Im Grunde genommen dreht Fellini Filme vor unseren Augen, denn der kreative Prozeß ist die Struktur. Manche Filmemacher haben sich in dieser Richtung versucht, aber ich glaube nicht, daß auch nur einem annähernd das gelungen ist, was Fellini hier erreicht hat. Er hatte die Kühnheit und das Selbstvertrauen, mit jeder Art von kreativem Werkzeug zu spielen, die plastischen Qualitäten des Bildes zu erweitern, bis alles auf irgendeiner unbewußten Ebene zu existieren schien.

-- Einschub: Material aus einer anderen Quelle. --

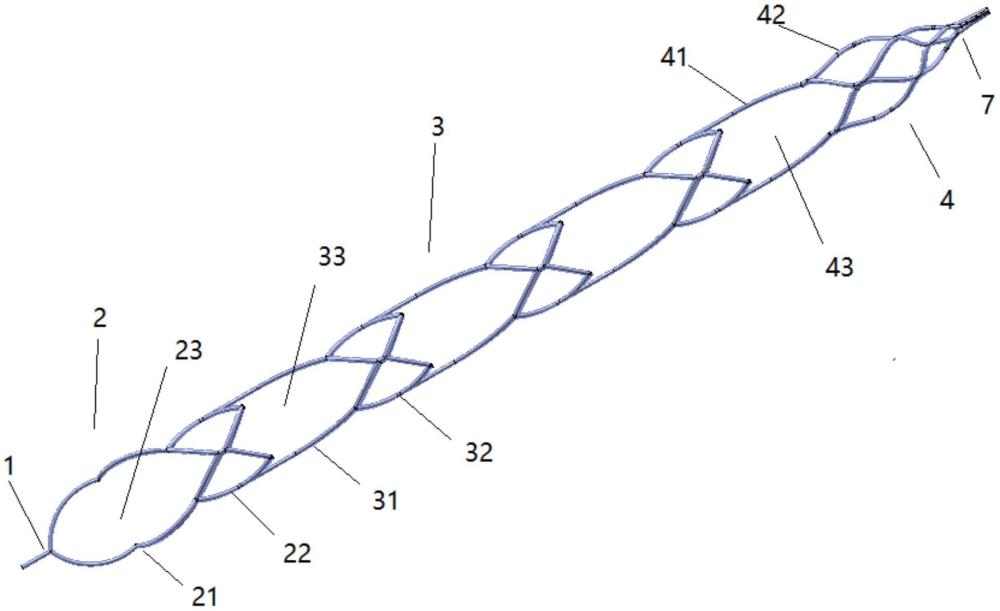 | 摘要: | 本实用新型公开了一种脑静脉取栓支架,包括支架主体,支架主体的直径与脑静脉血管的直径相适配,近端段包括第一连接部以及连接在第一连接部远端的第一网篮,第一连接部上设有第一血栓入口,第一连接部的筋条向外径方向凸出;中部段由多个取栓环套依次连接而成,每个取栓环套均包括位于近端的第二连接部以及连接在第二连接部远端的第二网篮,第二连接部上设有第二血栓入口;远端段包括第三连接部以及连接在第三连接部远端的挡篮,第三连接部上设有第三血栓入口;本申请可用于脑静脉取栓,通过沿支架主体长度方向依次设置第一血栓入口、第二血栓入口和第三血栓入口,随着支架主体的拖拽,血栓可由任一血栓入口进入支架主体内,提高取栓效果。 | ||||

Selbst die scheinbar neutralen Bilder haben bei näherem Hinsehen einige Elemente in der Beleuchtung oder der Komposition, die einen umwerfen, die auf irgendeine Art von Guidos Bewußtsein durchdrungen sind. Nach einer Weile hört man auf, herausfinden zu wollen, ob man sich in einem Traum befindet, im Flashback oder schlicht in der Realität. Man möchte sich verlieren und mit Fellini umherziehen, sich der Macht seines Stils überlassen.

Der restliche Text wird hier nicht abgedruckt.